Pipeline for taking STAR's SJ.out files and parsing the counts for a given bed of named spliced junctions
Edit the top lines of the .smk file to run correctly
There's two independent parts to the analysis, one will turn STAR's splice junction into bed files, sort them, and then use bedtools plus some awk to give a final output file that looks like this(without the header)

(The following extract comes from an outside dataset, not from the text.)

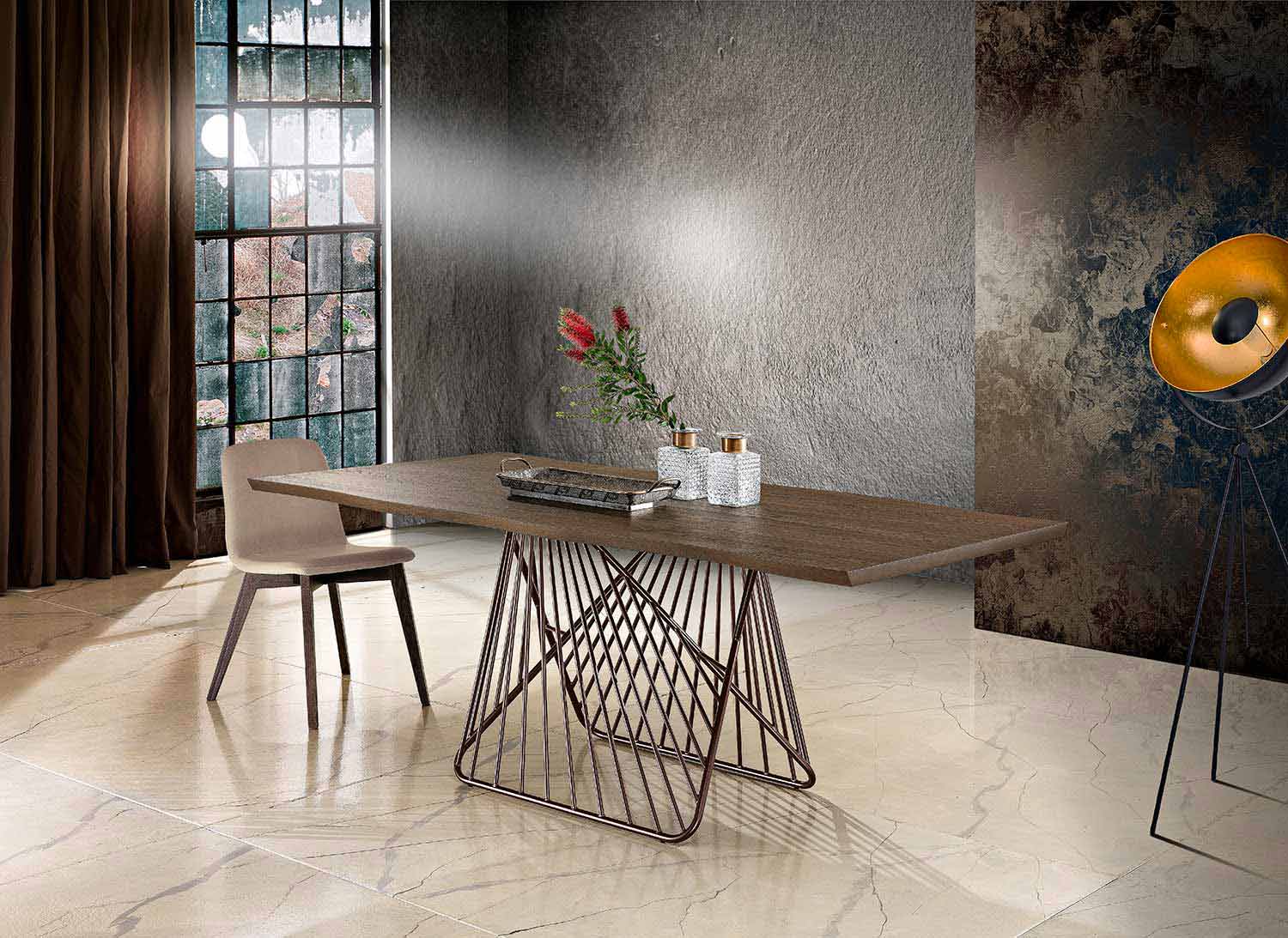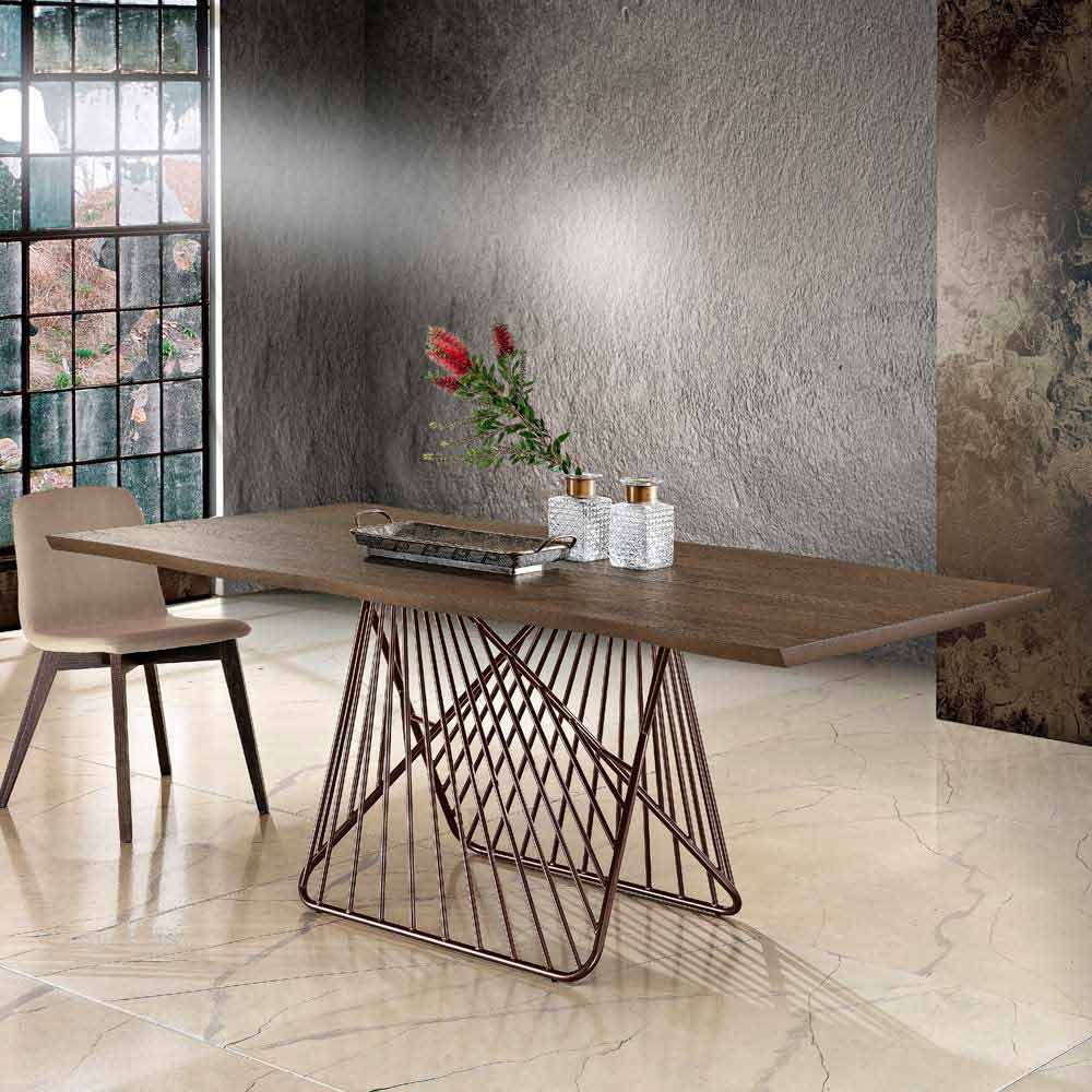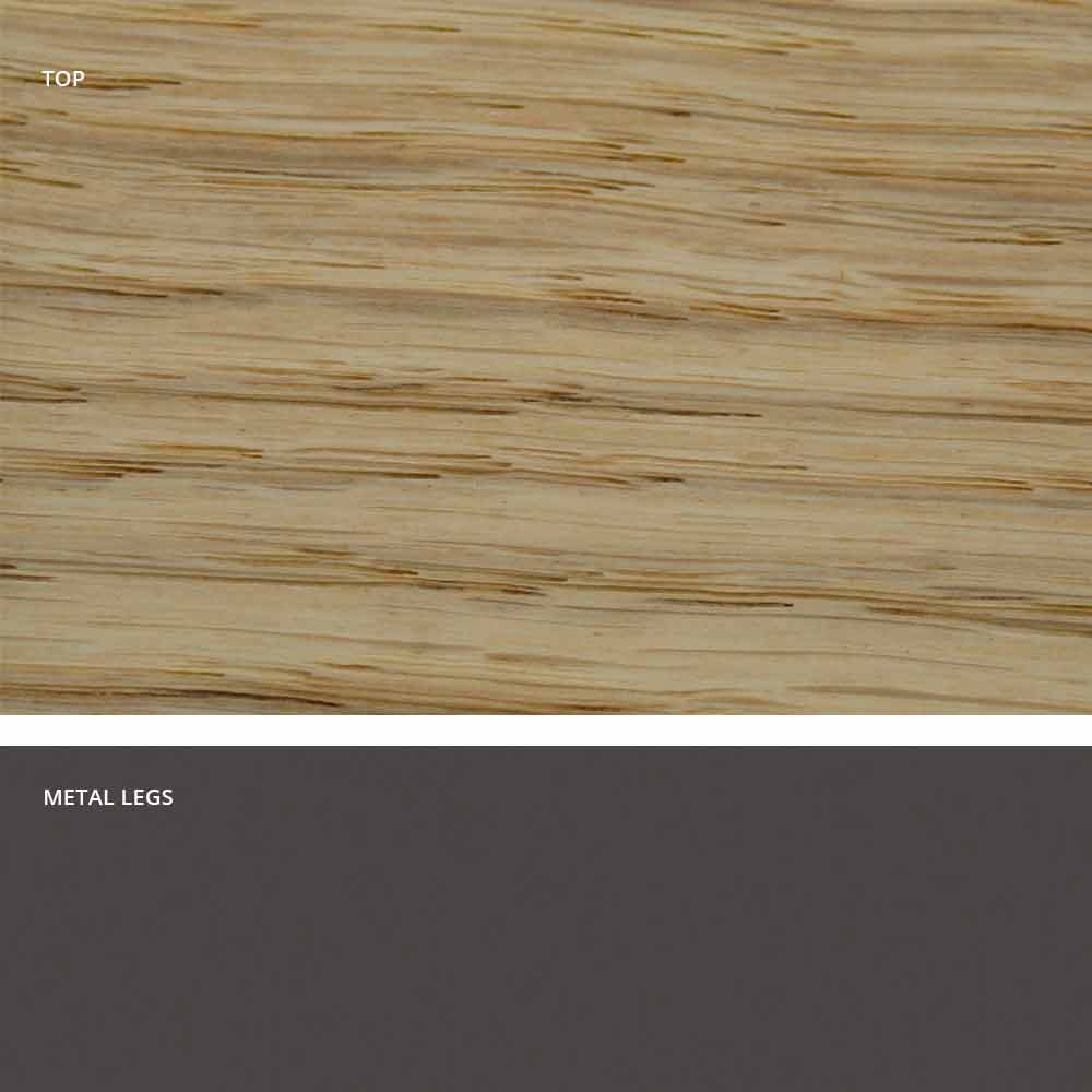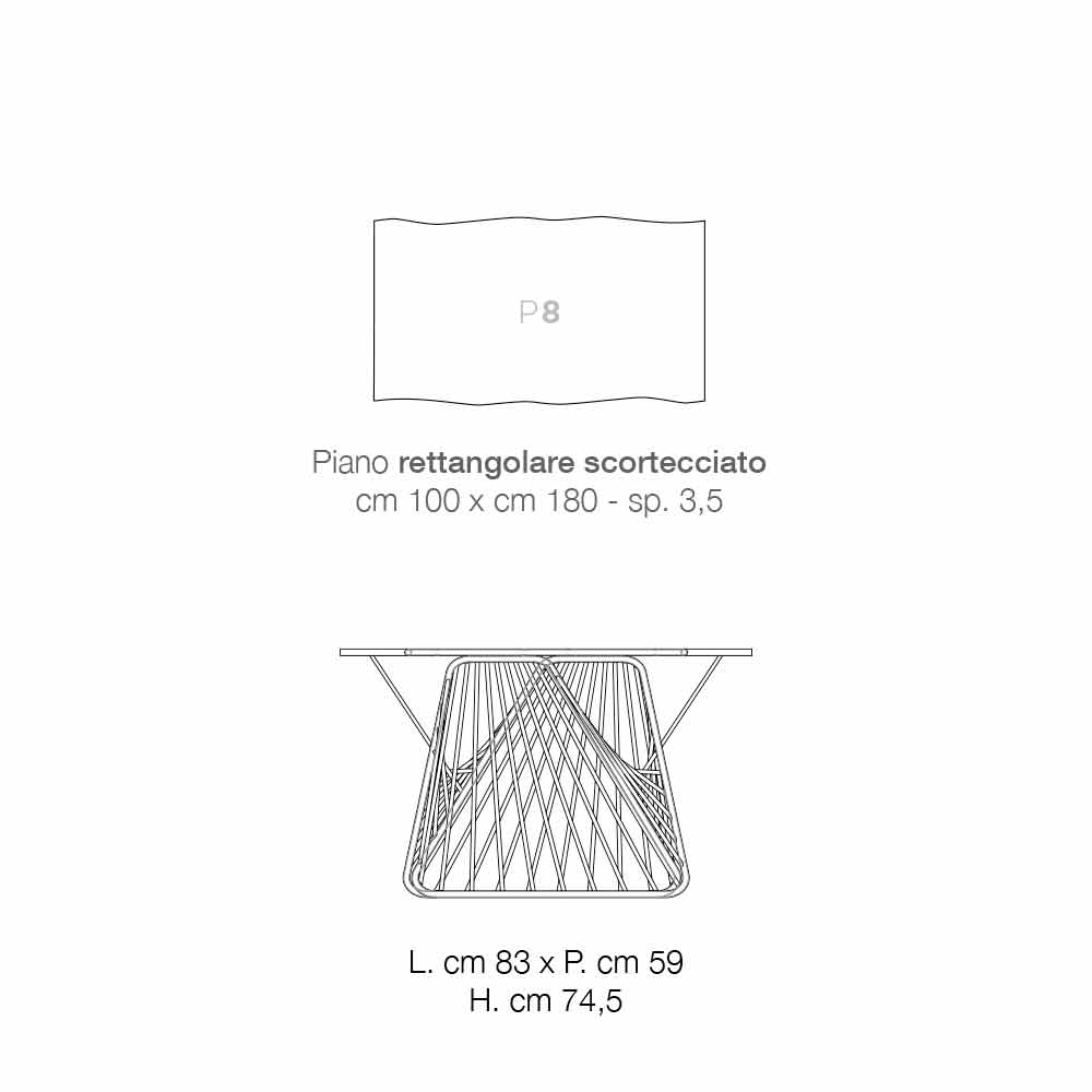 Mitia este o masă fixă realizată în Italia cu o bază metalică pictată și o suprafață de particule din lemn masiv (grosime de 35mm) furată pe laturile lungi.

chromosome | start | end | filename_this_count_comes_from | count | strand | name_of_junction_in_your_input |
---|---|---|---|---|---|---|
chr19 | 7168094 | 7170537 | Cont-B_S2.SJ.out | 49 | - | INSR_annotated |
chr19 | 7168094 | 7170537 | Cont-C_S3.SJ.out | 30 | - | INSR_annotated |
chr19 | 7168094 | 7170537 | Cont-D_S4.SJ.out | 35 | - | INSR_annotated |
chr19 | 7168094 | 7170537 | control_fluorescent_2.SJ.out | 9 | - | INSR_annotated |
chr19 | 7168094 | 7170537 | control_fluorescent_3.SJ.out | 5 | - | INSR_annotated |
chr19 | 7168094 | 7170537 | control_none_1.SJ.out | 20 | - | INSR_annotated |
To use that part properly you'll want to edit parse_star_junctions.smk
And tweak the following input
project_dir
- this is a top level folder where the sorted beds, and outputs are going to end up
out_spot
- a folder underneath project_dir
that will be created, and sorted beds are output is going to appear
bam_spot
- pipeline is fairly lazy, it's going to glob wild cards from this folder, so make sure all the samples you want to are in
the same folder, (symlinks are fine!)
bam_suffix
- suffix of the bams for pattern matching to work
sj_suffix
- suffix of your splice junction tables for pattern matching to work
bed_file
- a bed file of junctions you want to compare against
final_output_name
- a name for your file. the final output file will be located in:
{project_dir}/{out_spot}/{final_output_name}.aggregated.clean.annotated.bed
This will contain only the junctions in bed_file
and with the names of the junction and the names of the file it was found it
You'll also have a file called
{project_dir}/{out_spot}/{final_output_name}.aggregated.bed
This is all the junctions which overlapped the ones in bed_file
, useful to check
if you expected junctions that weren't present because you might have an a one-off error.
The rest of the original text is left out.